*Exercise description*. Where an image appears, leave it out; otherwise repeat the data exactly.

*Source material*.
—————

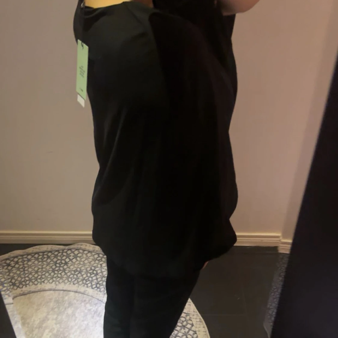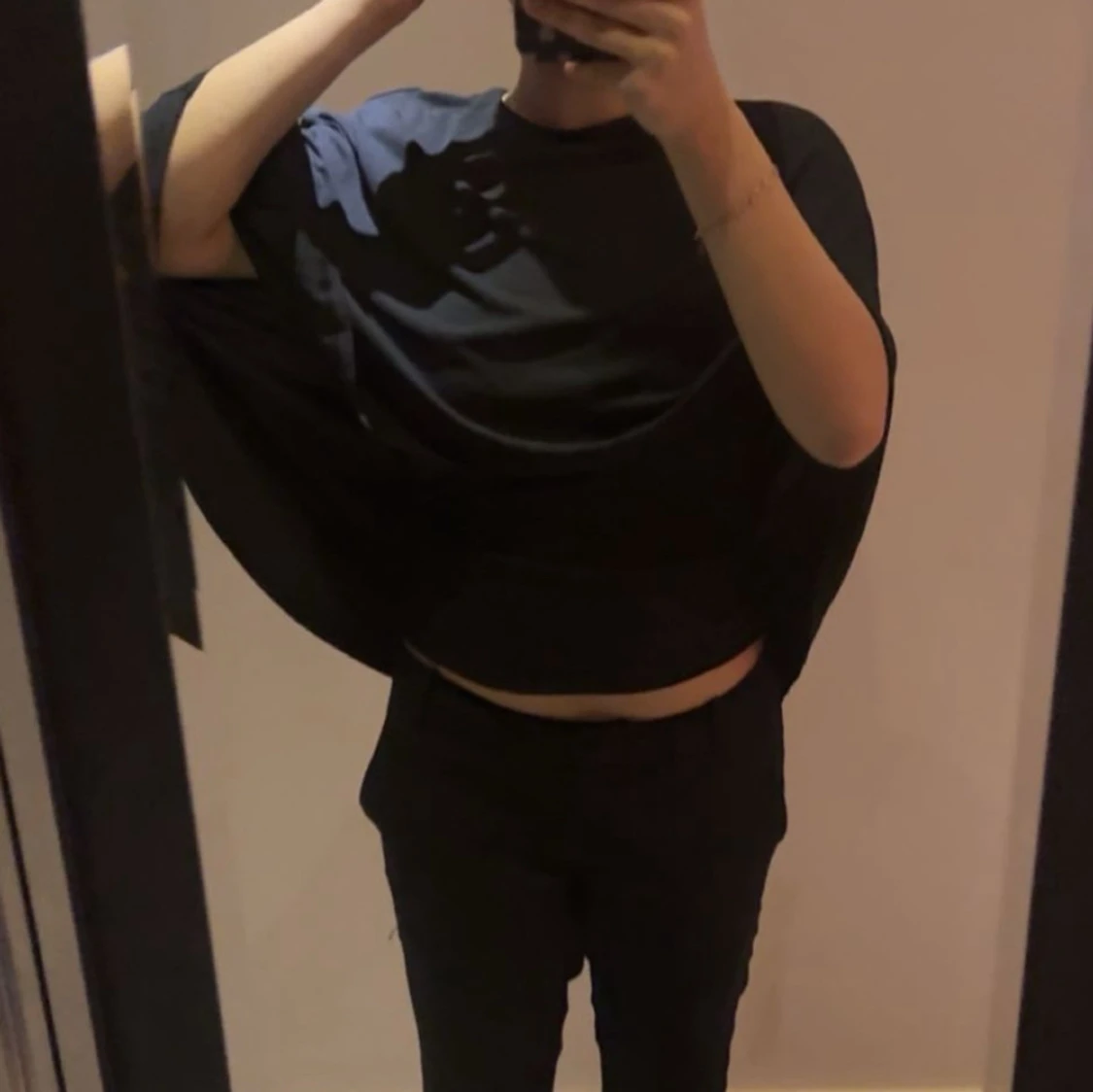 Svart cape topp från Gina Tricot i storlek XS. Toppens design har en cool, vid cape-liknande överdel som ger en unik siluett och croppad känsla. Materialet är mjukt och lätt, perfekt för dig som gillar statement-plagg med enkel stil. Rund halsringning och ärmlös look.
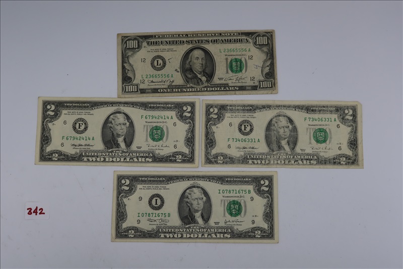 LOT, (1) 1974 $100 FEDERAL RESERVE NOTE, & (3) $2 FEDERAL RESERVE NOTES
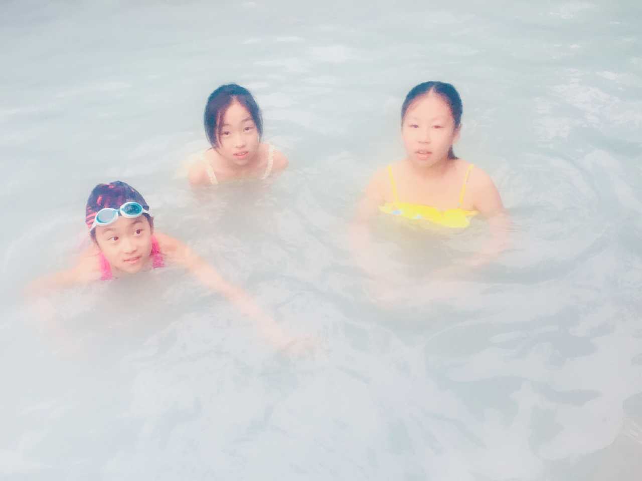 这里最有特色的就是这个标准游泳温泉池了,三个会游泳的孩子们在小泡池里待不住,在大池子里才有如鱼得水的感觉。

—————

*Response below*.
 Svart cape topp från Gina Tricot i storlek XS. Toppens design har en cool, vid cape-liknande överdel som ger en unik siluett och croppad känsla. Materialet är mjukt och lätt, perfekt för dig som gillar statement-plagg med enkel stil. Rund halsringning och ärmlös look.
 LOT, (1) 1974 $100 FEDERAL RESERVE NOTE, & (3) $2 FEDERAL RESERVE NOTES
 这里最有特色的就是这个标准游泳温泉池了,三个会游泳的孩子们在小泡池里待不住,在大池子里才有如鱼得水的感觉。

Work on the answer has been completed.